Question 4. During patient counseling, what aspects of testing must patients understand clearly?
Answer
If a relatively young patient newly diagnosed with prostate cancer says he has a brother with a history of prostate cancer, we should ask whether the brother had undergone gene panel testing for hereditary prostate cancer perhaps as a result of a history of multiple cancers in the family. If not, the patient becomes the proband: the first patient in the family being referred for genetic testing. If the answer is yes, and testing had been done in the family previously, we ask whether the results were positive or negative. If positive, then we know the patient has been sensitized to understand what genetic testing and counseling will entail. If negative, or if the patient does not know, we have to start from scratch with counseling the patient about how genetic testing is performed, what these tests look for, and the ramifications of genetic testing. If the patient tests positive for mutations that increase the risk of prostate cancer, we explain to the patient that the test results may have implications for siblings and children, including adverse psychological and occupational effects.

Psychologically, this could entail loss of a “sense of good health and a feeling of helplessness,” as the patient realizes that despite enjoying good health and maintaining healthy habits, he could still be destined to be at high-risk for developing cancers.

Counseling can help relay context in the interpretation of test results so as to ease anxiety about the implications of a positive test result.

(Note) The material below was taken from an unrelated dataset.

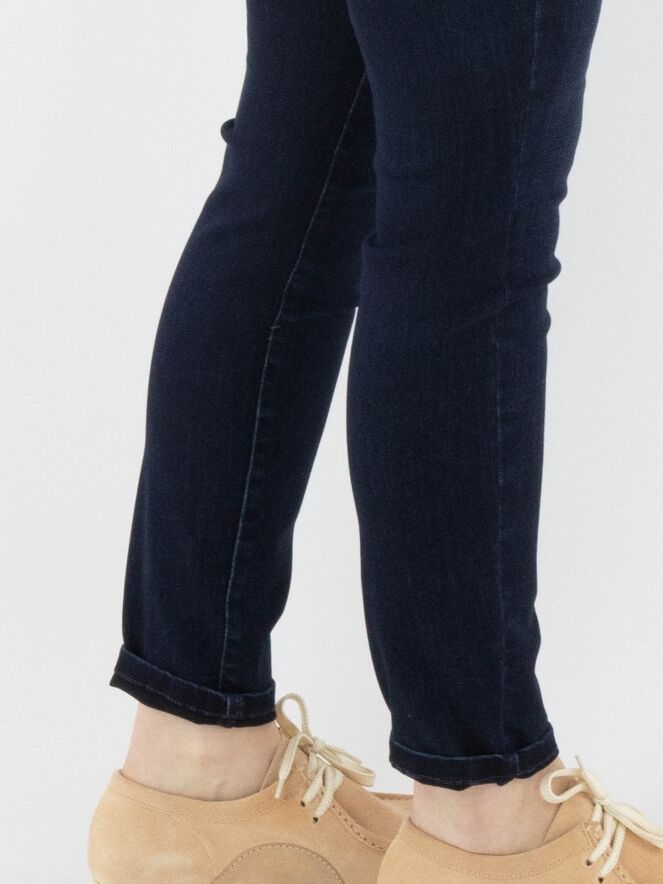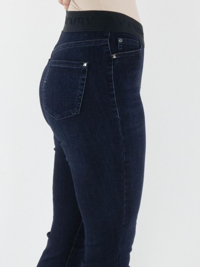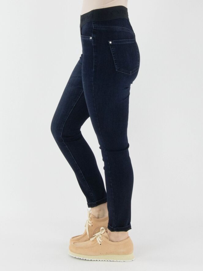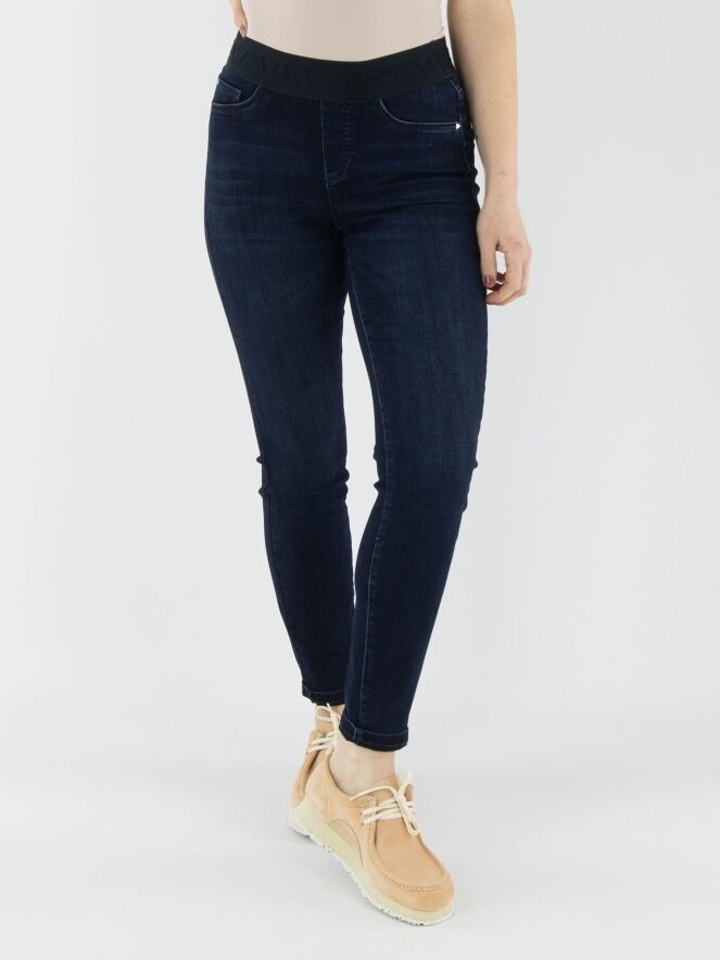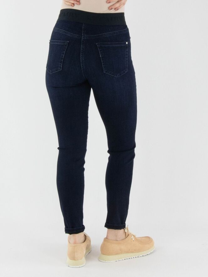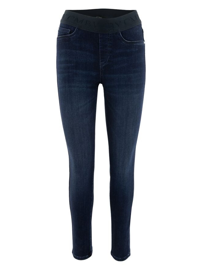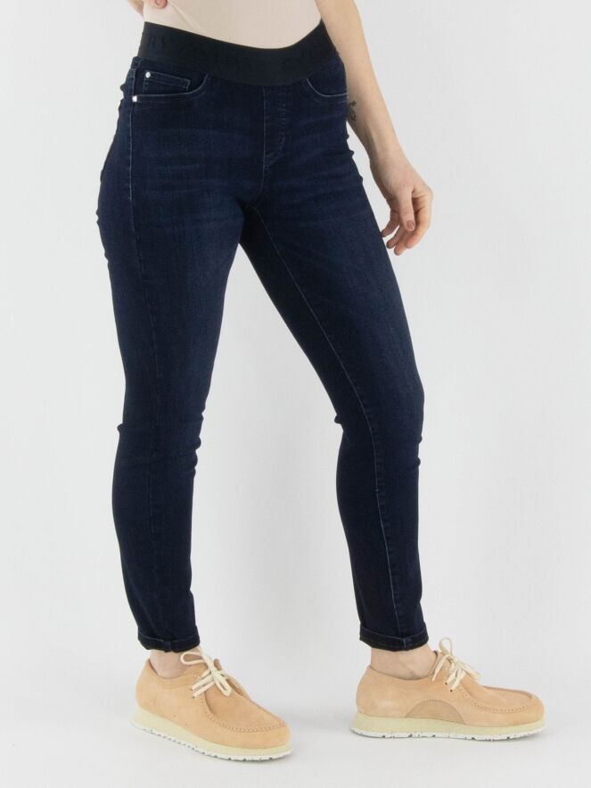 Eine Dark-Denim-Jeans von Cambio in einer dunklen Jeansfarbe. Der Bund ist mit einem schwarzen elastischen Band ausgestattet. Die Jeans hat ein 5-Pocket-Design und kann bei 30 Grad gewaschen werden.
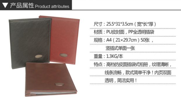 商品名称:国产 简约商用皮革面相册50张A4插页式影集 作品剪贴收集册活页菜谱

Even though there is a federal law (the Genetic Information Nondiscrimination Act) that protects individuals from employment discrimination on the basis of genetic information, electronic medical records of the patient could be used illegally to deny employment perks. Counseling provides education to the patient on his or her rights in this regard.
Question 5. Could genetic test results be helpful in therapeutic decision making?
Answer
Yes. Prostate cancer, as it evolves goes through successive stages of progression to advanced metastatic castration resistant states. There are drugs approved by the FDA for advanced prostate cancer that target deleterious mutations in genes such as BRCA1 and BRCA2. Patients with these mutations may respond to PARP inhibitors, such as olaparib, as well as platinum compounds.
Question 6. What are the drawbacks of genetic testing?
Answer
Most prostate cancers are sporadic. Genetic testing for hereditary prostate cancer is not appropriate as a population-based strategy because it would greatly increase the amount testing to identify a very small percentage of men with prostate cancer-causing mutations. In addition, if genetic testing is done without consultation with a genetic counselor, but performed using commercially available testing kits available online, patients would not understand how to interpret test results and their implications for the patients and perhaps their families.